# Task directions
The material below holds pictures, which are to be left out; copy exactly the lines from the one with "Two men in a" through the one with "SMOOTH SURFACE Covered".

# Records supplied
::::

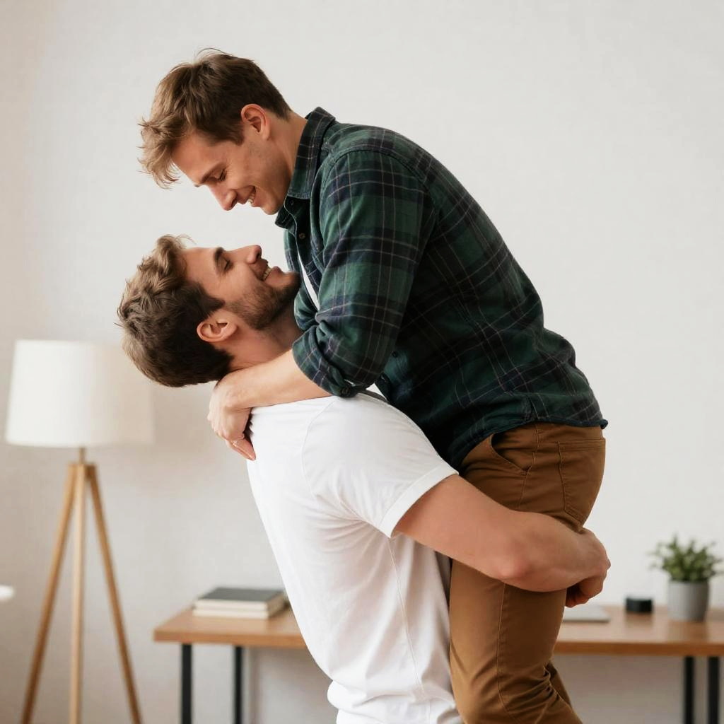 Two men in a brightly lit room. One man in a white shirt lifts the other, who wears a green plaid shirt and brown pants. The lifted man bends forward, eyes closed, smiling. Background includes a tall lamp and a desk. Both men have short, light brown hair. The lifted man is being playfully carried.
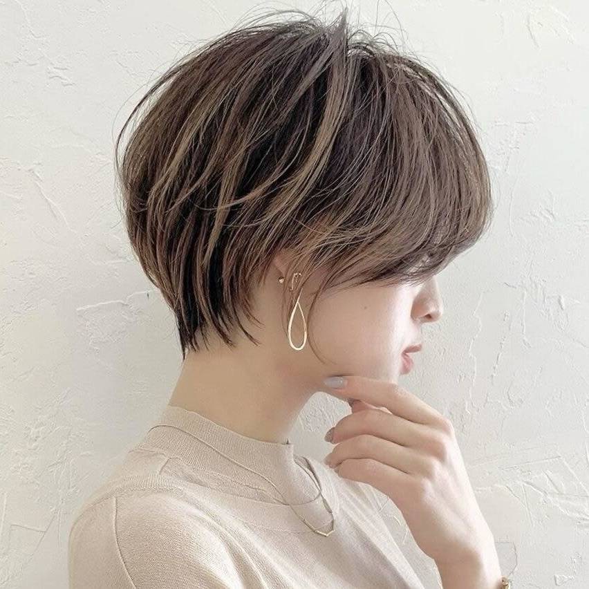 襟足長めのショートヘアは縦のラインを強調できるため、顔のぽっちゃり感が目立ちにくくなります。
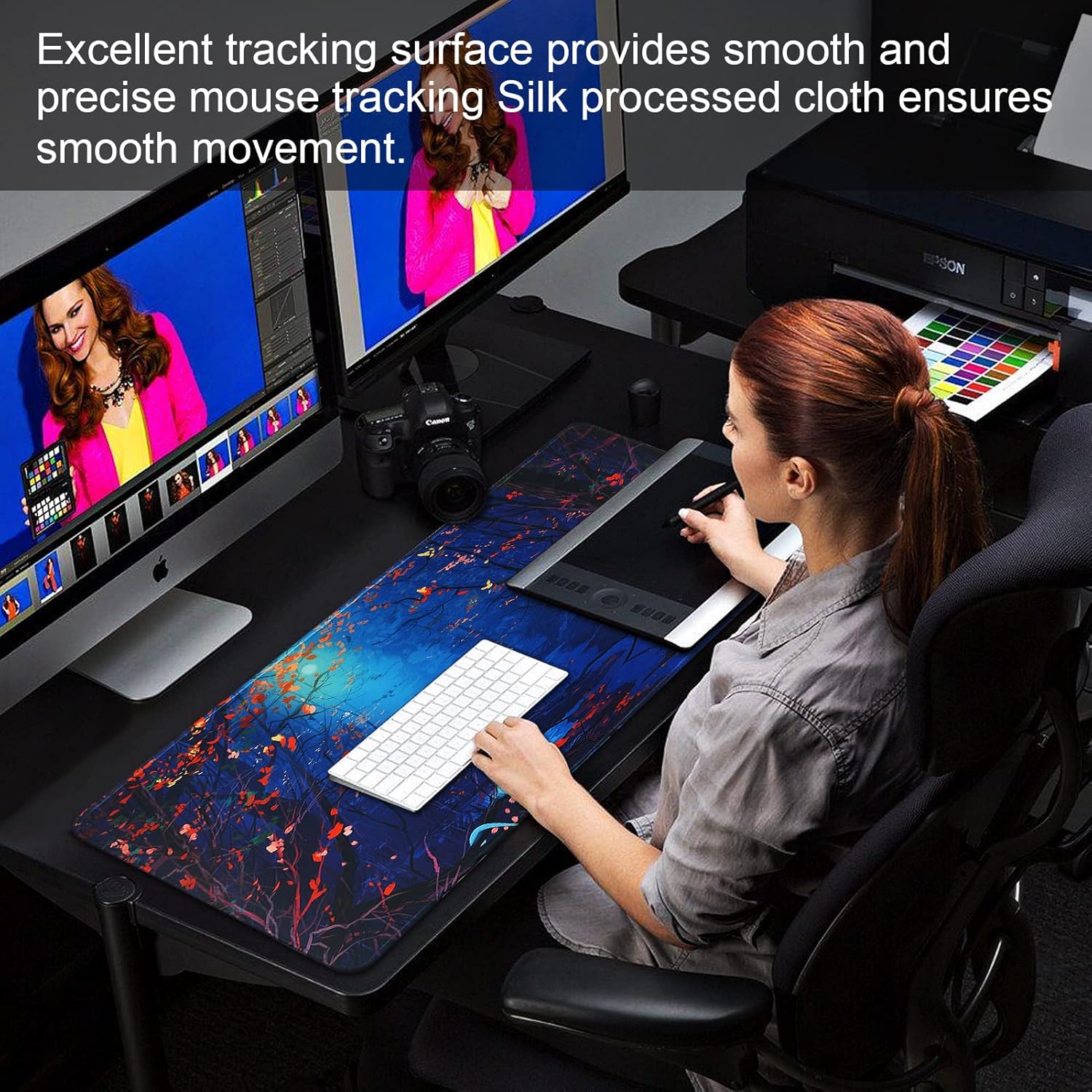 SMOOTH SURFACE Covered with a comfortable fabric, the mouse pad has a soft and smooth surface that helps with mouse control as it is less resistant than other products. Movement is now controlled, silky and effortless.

::::

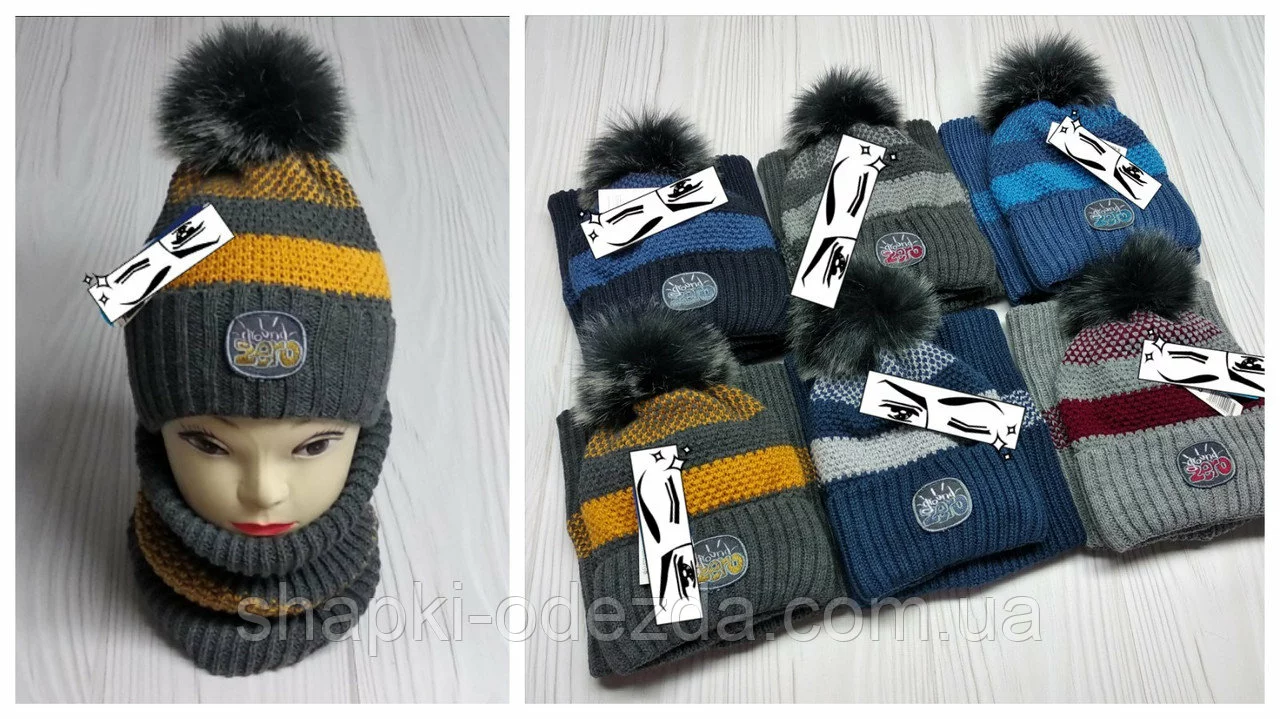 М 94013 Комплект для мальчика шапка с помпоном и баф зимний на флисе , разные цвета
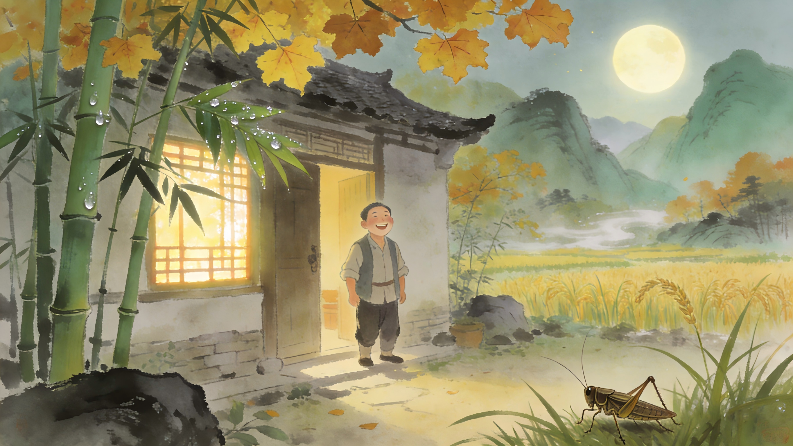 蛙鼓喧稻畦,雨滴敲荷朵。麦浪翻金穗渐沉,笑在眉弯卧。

::::

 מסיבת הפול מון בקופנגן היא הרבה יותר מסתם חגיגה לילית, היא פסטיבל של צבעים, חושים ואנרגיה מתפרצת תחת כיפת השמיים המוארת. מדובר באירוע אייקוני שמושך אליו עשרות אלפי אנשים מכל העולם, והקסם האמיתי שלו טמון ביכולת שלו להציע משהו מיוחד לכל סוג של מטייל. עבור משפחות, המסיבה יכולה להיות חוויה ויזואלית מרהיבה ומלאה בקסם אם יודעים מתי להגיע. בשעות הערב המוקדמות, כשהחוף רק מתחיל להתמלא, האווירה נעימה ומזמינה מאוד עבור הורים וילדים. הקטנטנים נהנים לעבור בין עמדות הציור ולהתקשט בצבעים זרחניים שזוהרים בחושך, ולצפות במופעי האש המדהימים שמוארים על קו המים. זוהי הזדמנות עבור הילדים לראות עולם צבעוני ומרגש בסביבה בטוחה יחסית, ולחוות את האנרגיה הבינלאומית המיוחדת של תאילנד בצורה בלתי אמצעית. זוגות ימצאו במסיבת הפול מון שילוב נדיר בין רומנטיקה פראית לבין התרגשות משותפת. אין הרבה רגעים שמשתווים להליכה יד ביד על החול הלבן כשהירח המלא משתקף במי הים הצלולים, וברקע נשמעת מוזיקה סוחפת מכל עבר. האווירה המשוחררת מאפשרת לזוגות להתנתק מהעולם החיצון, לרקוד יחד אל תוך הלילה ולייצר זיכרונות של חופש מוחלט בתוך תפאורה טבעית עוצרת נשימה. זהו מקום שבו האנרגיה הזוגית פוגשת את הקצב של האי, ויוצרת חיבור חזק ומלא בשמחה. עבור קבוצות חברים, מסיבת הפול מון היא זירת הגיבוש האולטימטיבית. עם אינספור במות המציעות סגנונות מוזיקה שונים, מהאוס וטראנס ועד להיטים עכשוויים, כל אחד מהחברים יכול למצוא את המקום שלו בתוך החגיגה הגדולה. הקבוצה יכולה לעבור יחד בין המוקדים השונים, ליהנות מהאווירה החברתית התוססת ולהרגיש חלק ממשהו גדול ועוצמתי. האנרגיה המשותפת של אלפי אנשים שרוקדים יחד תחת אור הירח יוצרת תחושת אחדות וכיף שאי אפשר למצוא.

::::

# Answer space
 Two men in a brightly lit room. One man in a white shirt lifts the other, who wears a green plaid shirt and brown pants. The lifted man bends forward, eyes closed, smiling. Background includes a tall lamp and a desk. Both men have short, light brown hair. The lifted man is being playfully carried.
 襟足長めのショートヘアは縦のラインを強調できるため、顔のぽっちゃり感が目立ちにくくなります。
 SMOOTH SURFACE Covered with a comfortable fabric, the mouse pad has a soft and smooth surface that helps with mouse control as it is less resistant than other products. Movement is now controlled, silky and effortless.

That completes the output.